One of the bloggers recently asked whether there are “regional authorities who benefit from [the] US war aims and associated resources and who do not attract suicide bombers?”

It is my understanding that there are local authorities who benefit from the US presence: the former US-backed Northern Alliance commanders who have managed to capture state positions after 2001, as well as their local clients who benefit from the redistribution of resources coming from the center (mainly through appointments to official positions). Although those former commanders have been increasingly depicted as human rights violators and illegitimate “warlords” by Western media and policy-makers, it seems today that President Karzai needs them more than ever. In times of uncertainty about the US presence in Afghanistan, I argue that local elites who oppose the Taleban rely increasingly on the strong non-state armed actors that were once able to resist the Taleban. In a strongly conservative country where Westernized technocrats have failed to demonstrate their ability to bring a brighter future for Afghanistan, where there is no reason to believe that the American presence will last, people tend to rely on what they know best: strong leaders who proved their resilience over the years.

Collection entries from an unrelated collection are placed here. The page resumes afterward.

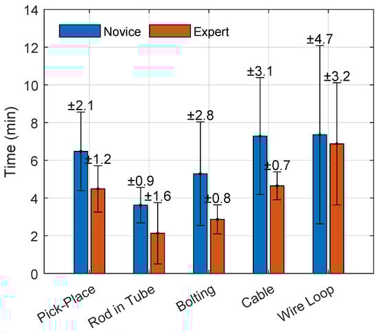 In the wire loop task, expert users not only completed the task more rapidly but also made fewer mistakes compared to novice users, as detailed in Table 2. Conversely, in the pick-and-place task, expert users exhibited a higher frequency of errors. Specifically, they encountered difficulty distinguishing the weights of the light and medium blocks. This difference may be attributed, as mentioned by experienced operators during interviews, to the extensive experience they have with the MASCOT system [49,50], which reflects less electromechanical impedance relative to the operators compared to the system under consideration.
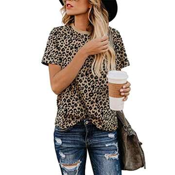 LuckyMore Women's Casual Short Sleeve Cheetah Print Summer Tops Blouses Basic Tee Shirt Leopard01 L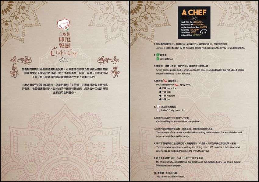 而《主廚帽》象徵主廚對自己身為廚師身份的專業,不僅只是傳達印度料理的美味,更堅持展現“主廚”的料理態度和用心。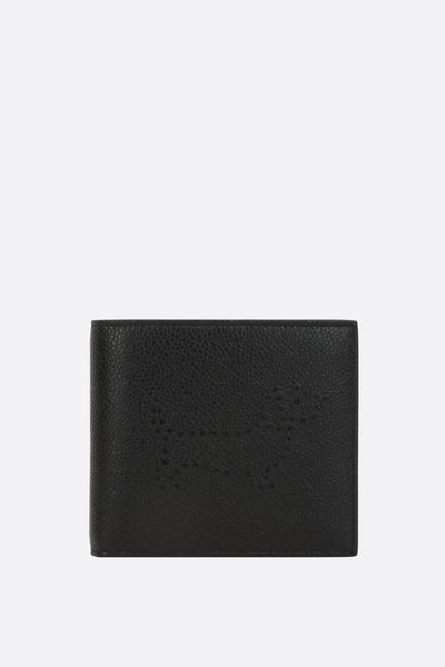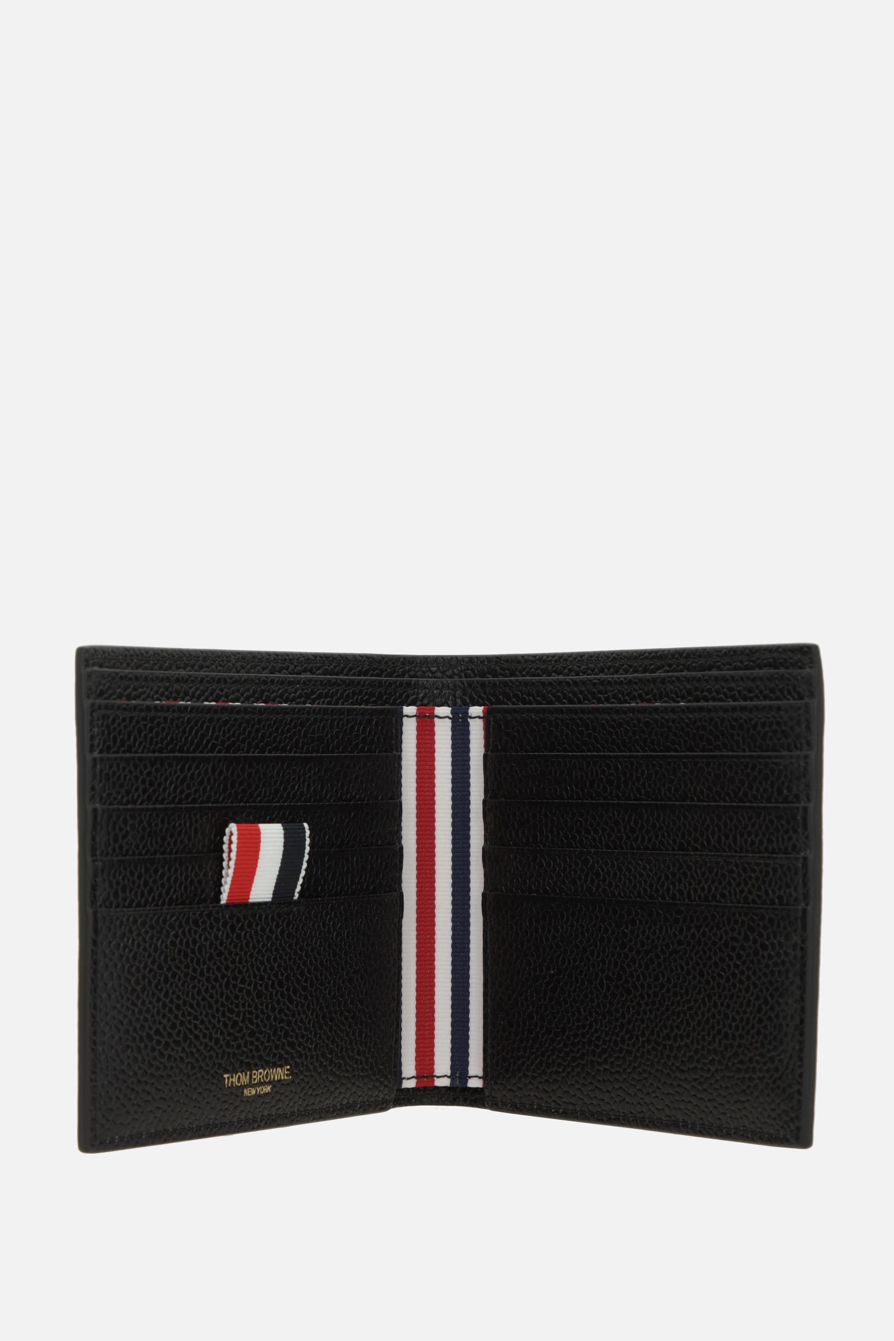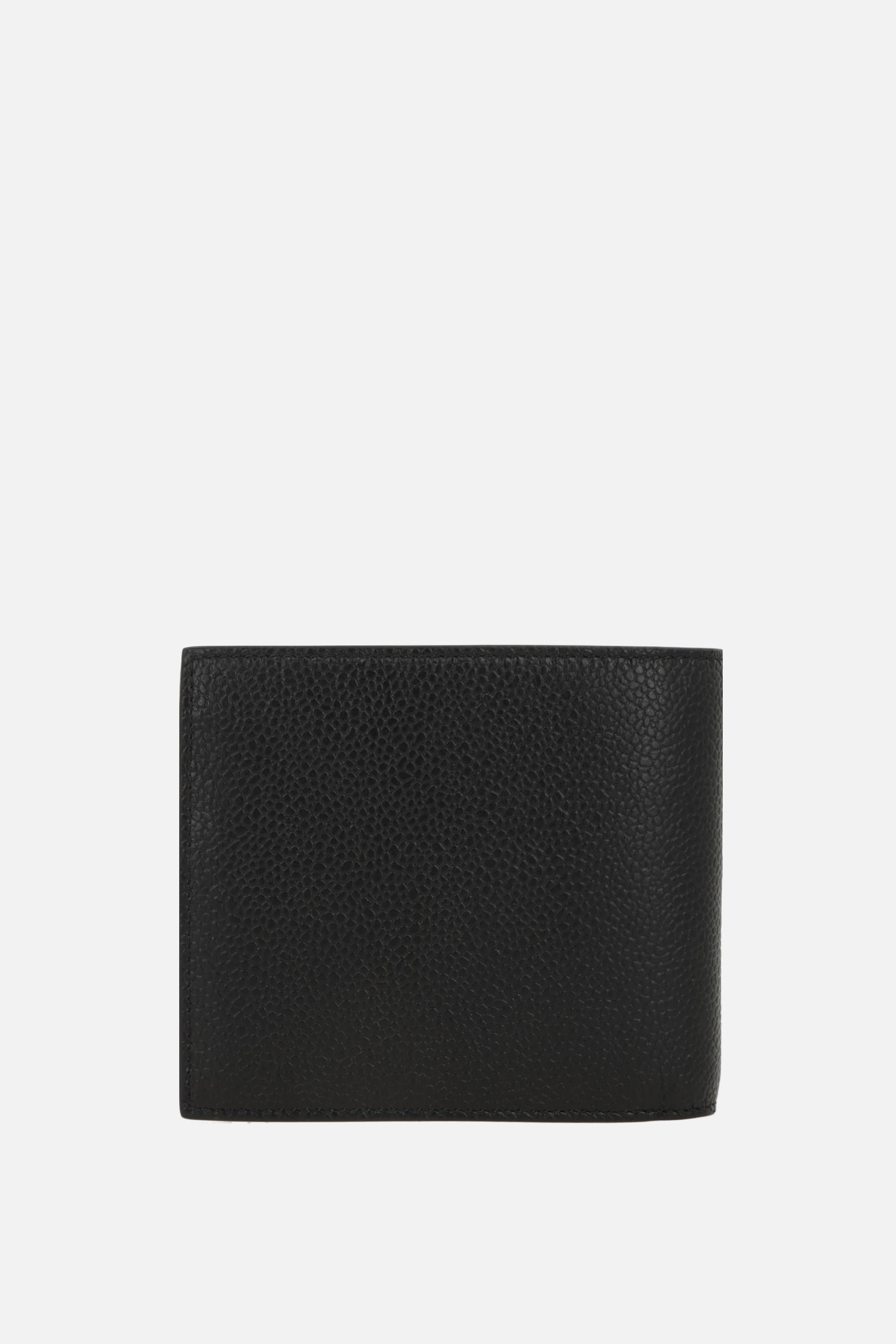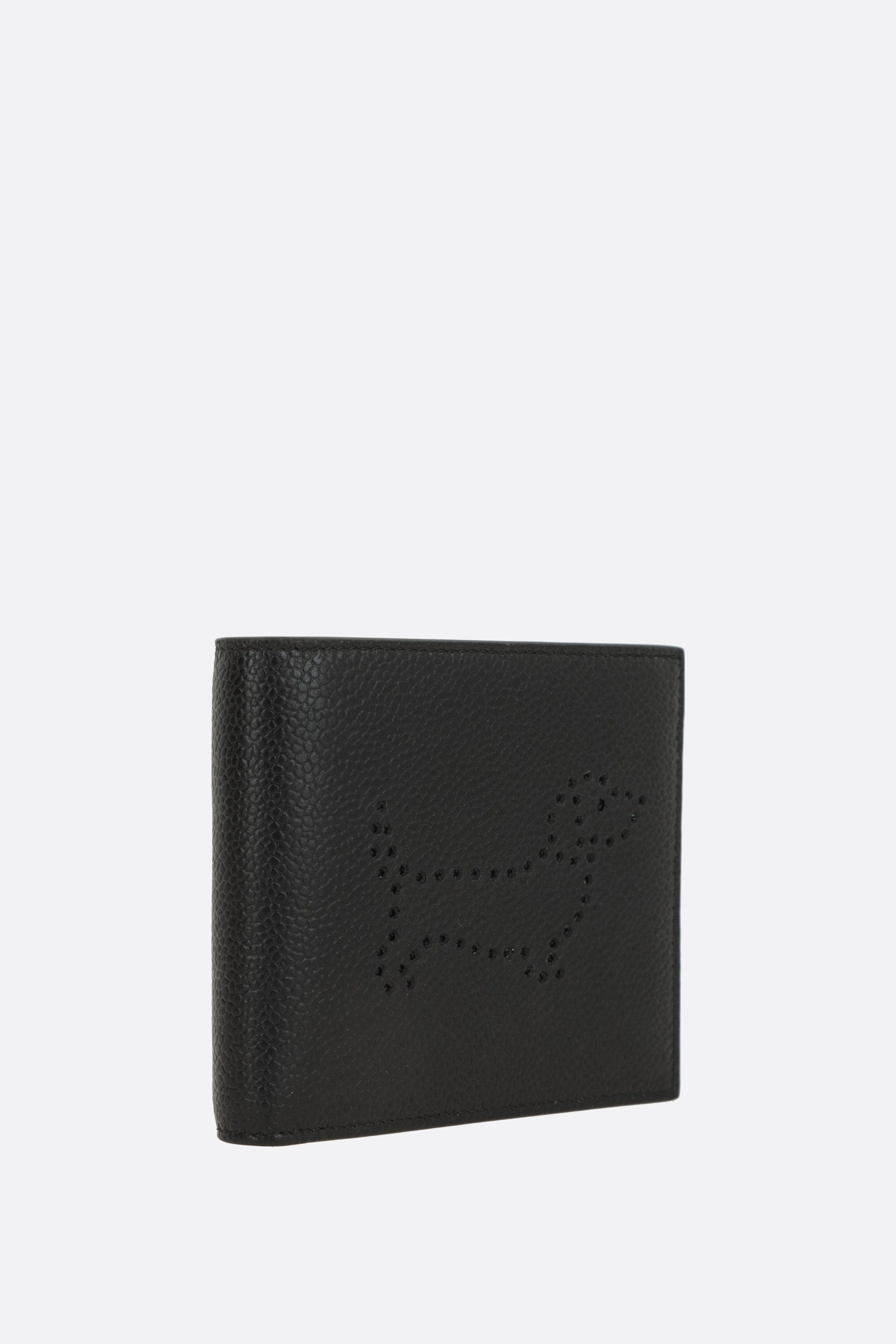 Thom Browne wallet crafted from Pebble Grain leather with perforated Hector detail on the front. Features two bill compartments and eight card slots. Interior lined in tricolor fabric.

As the United States is now openly supporting government-led negotiations with the Taleban, I argue that these leaders find themselves confronted to a paradoxical situation that contributes to their empowerment. On the one hand they have no interest in seeing the Taleban come back to power and threaten their political positions. On the other, they benefit from the risk of Taleban resurgence. It gives them leverage over a politically isolated President who has no choice but to seek their support and redistribute some of the resources he receives from the international community.

For them, the Afghan political system therefore works as a virtuous circle. They have leverage on the center that they can use to strengthen their power on the local level. In return, their local authority prevents them from being sidelined by the central ruler and increases their leverage. They work as a link between the center and the periphery and as such, can hardly be replaced. While many observers argue that those leaders have no more power, it is enlightening to see that President Karzai keeps most of them on board: Marshall Fahim as his First Vice-President or Ismail Khan as his Minister of Water and Energy for example. He even brought General Dostum back to Afghanistan to benefit from his political support in the 2009 Presidential election. Considering the post-2001 international environment in Afghanistan, their power might not express itself in the way it used to, with undisputed control over large portions of the territory, but it does not mean that this power is gone. On the contrary, these actors have proved their resilience: they have the capacity to survive in an extremely hostile international environment.

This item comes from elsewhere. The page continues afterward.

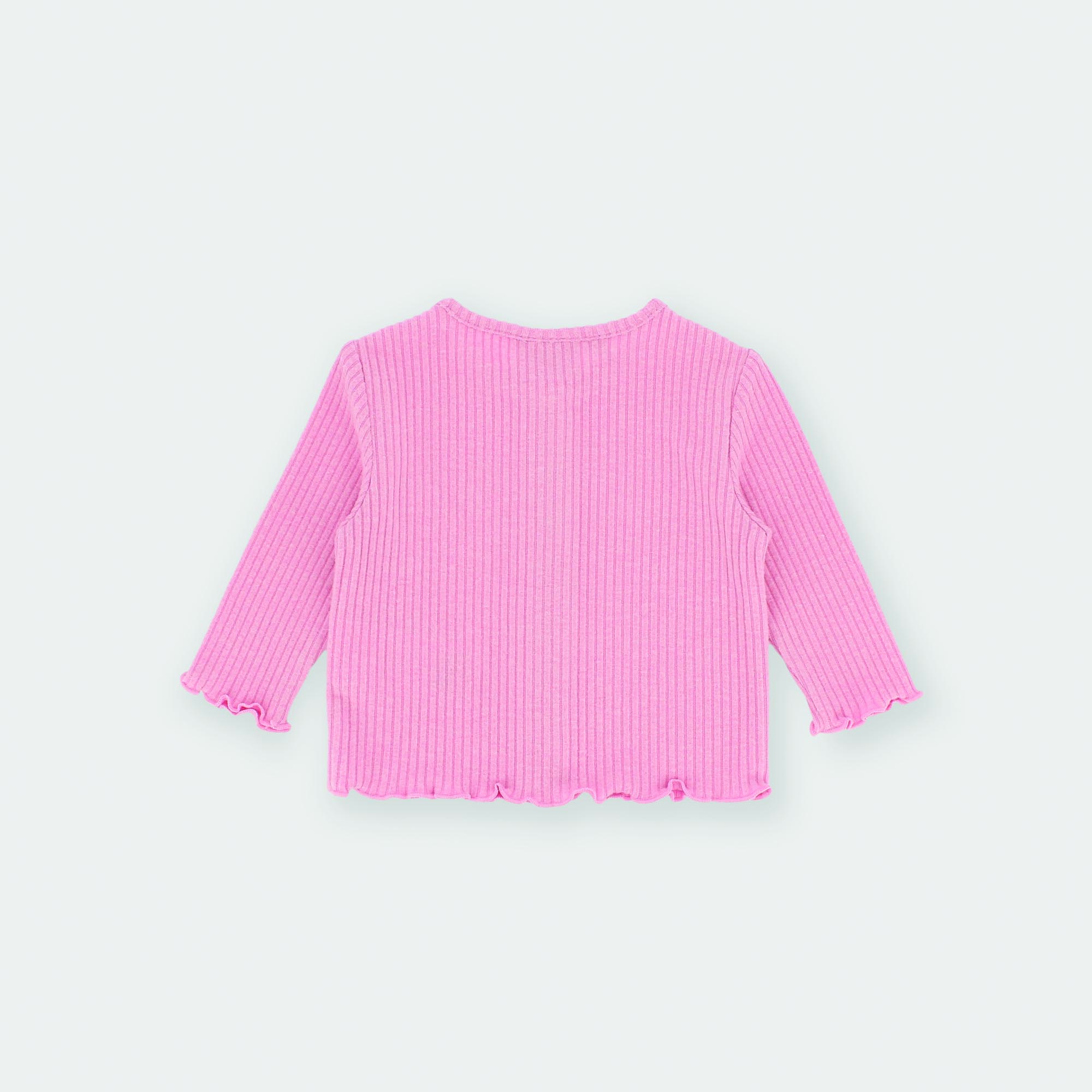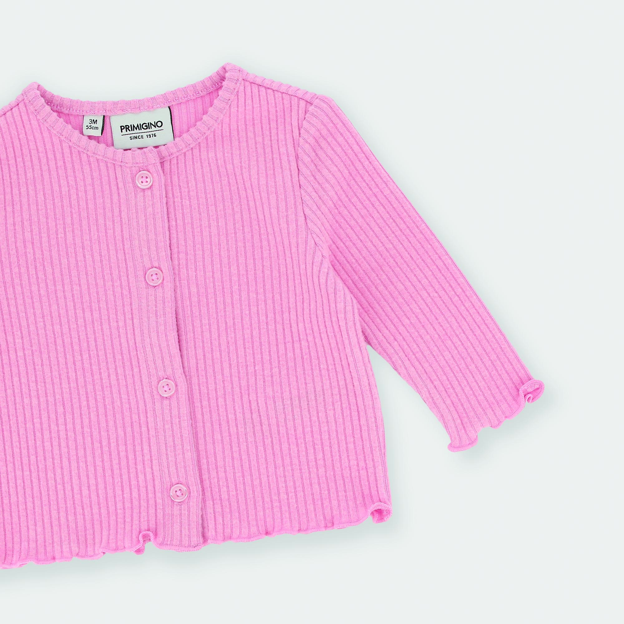 Cardigan in costina, girocollo. Chiusura con bottoncini sul davanti. Rifiniture con punto bambola.

Although some leaders (such as Ismail Khan) openly criticize the US presence in Afghanistan to strengthen their legitimacy vis-à-vis the local population, it is clear that they all benefit from it and have no interest in seeing the US leave the country. The situation might however change if they stop reaping the fruits of the American involvement in Afghanistan.


About Afghanopoly

I am an Assistant Professor of peace and conflict studies at Radboud University's Centre for International Conflict Analysis and Management (CICAM). I completed my PhD in Political Science at Northwestern University and Sciences Po under the supervision of Will Reno and Bertrand Badie. Among other things, I teach students about the politics of international intervention in Afghanistan and elsewhere. My research focuses on the political strategies that Afghan strongmen use to consolidate and legitimize their authority. I am particularly interested in how these actors manage to conduct their own forms of international relations. My field research brings me in contact with Afghan community leaders, politicians, diplomats and foreign military officers.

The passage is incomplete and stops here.